[Opening Data supplied section]

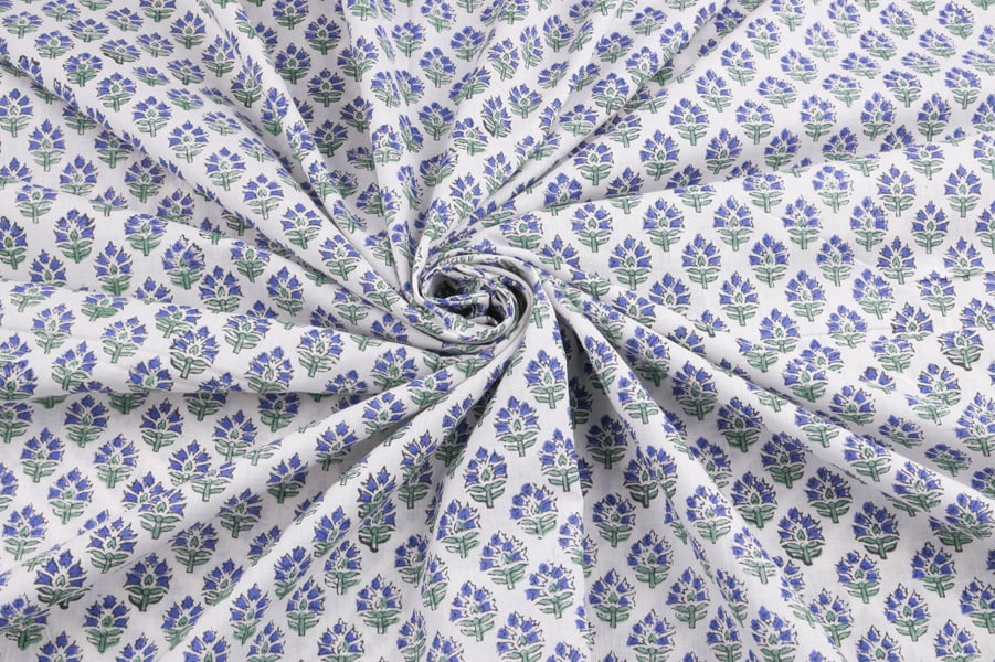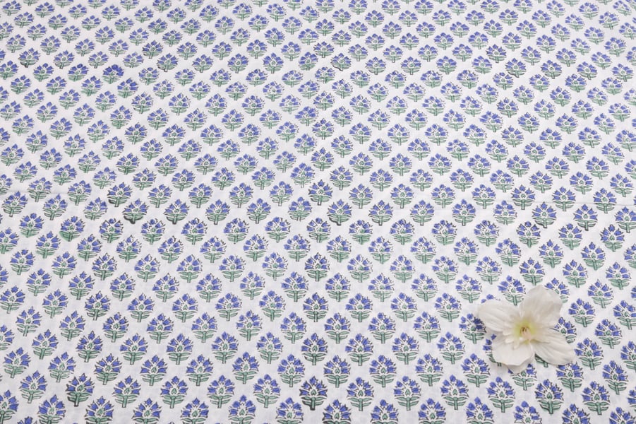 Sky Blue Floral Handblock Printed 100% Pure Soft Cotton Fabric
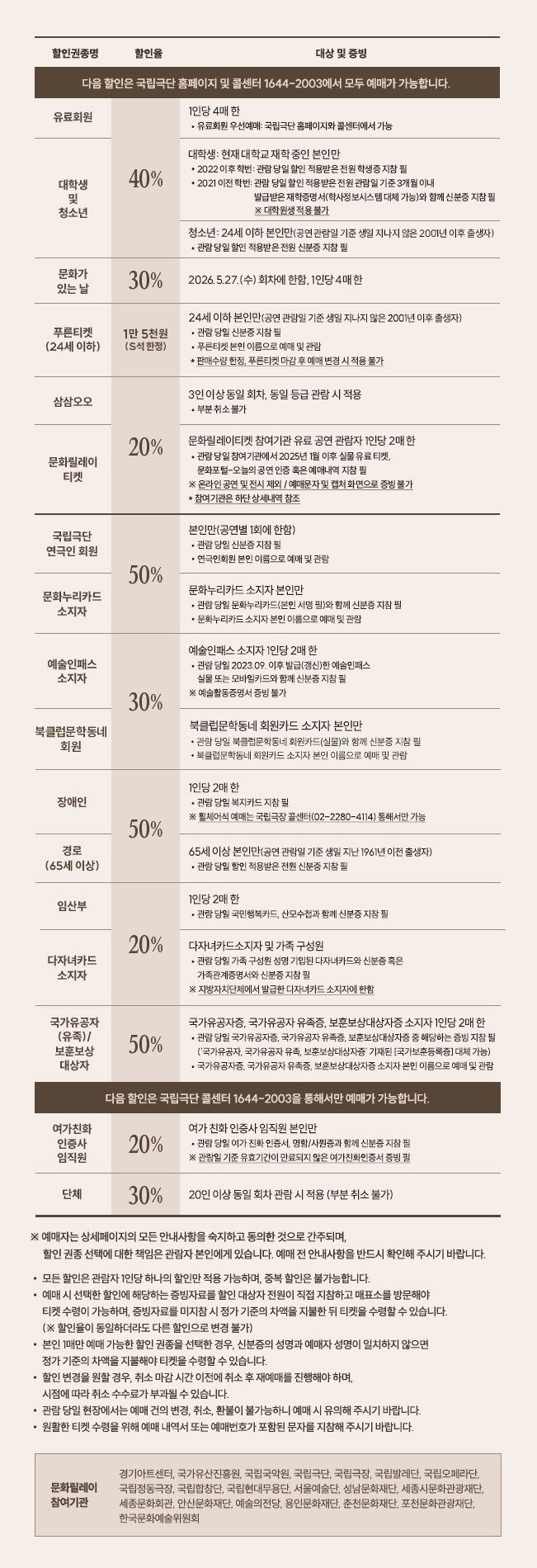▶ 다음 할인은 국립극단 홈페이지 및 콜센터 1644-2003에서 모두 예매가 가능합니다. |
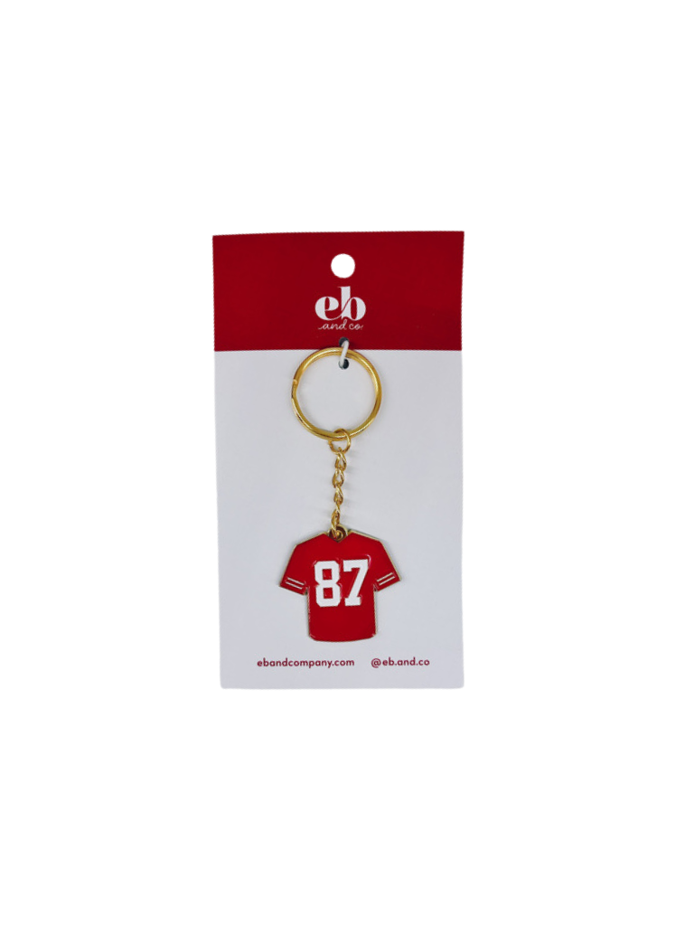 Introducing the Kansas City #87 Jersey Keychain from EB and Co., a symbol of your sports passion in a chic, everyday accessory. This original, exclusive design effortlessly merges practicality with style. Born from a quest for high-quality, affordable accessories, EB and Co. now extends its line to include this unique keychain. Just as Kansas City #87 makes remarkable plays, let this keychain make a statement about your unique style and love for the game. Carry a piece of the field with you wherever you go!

[Closing Data supplied section]
[Opening Data supplied section]

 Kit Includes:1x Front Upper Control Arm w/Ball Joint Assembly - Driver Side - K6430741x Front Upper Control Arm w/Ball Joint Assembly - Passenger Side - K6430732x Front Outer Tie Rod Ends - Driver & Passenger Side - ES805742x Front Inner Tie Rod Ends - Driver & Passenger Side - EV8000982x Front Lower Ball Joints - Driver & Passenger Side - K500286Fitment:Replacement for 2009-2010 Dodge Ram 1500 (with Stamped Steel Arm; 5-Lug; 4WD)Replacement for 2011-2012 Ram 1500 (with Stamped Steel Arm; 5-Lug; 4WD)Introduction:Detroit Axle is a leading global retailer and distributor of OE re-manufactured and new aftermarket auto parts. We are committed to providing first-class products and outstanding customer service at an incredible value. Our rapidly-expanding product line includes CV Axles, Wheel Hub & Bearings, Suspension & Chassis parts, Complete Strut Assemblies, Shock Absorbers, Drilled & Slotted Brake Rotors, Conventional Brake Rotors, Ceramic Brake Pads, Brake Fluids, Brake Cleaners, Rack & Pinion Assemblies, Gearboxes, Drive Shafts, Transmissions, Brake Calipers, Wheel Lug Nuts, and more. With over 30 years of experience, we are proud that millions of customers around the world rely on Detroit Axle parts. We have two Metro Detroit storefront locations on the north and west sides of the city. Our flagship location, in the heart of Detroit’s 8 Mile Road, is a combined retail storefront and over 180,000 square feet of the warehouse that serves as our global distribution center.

[Closing Data supplied section]

◆ Goal of the exercise ◆
Print, exactly, each line above from the one with "Sky Blue Floral" to the one with "예매가 가능합니다. |", end lines included. Leave pictures out of it.

◆ Exercise output ◆
 Sky Blue Floral Handblock Printed 100% Pure Soft Cotton Fabric
▶ 다음 할인은 국립극단 홈페이지 및 콜센터 1644-2003에서 모두 예매가 가능합니다. |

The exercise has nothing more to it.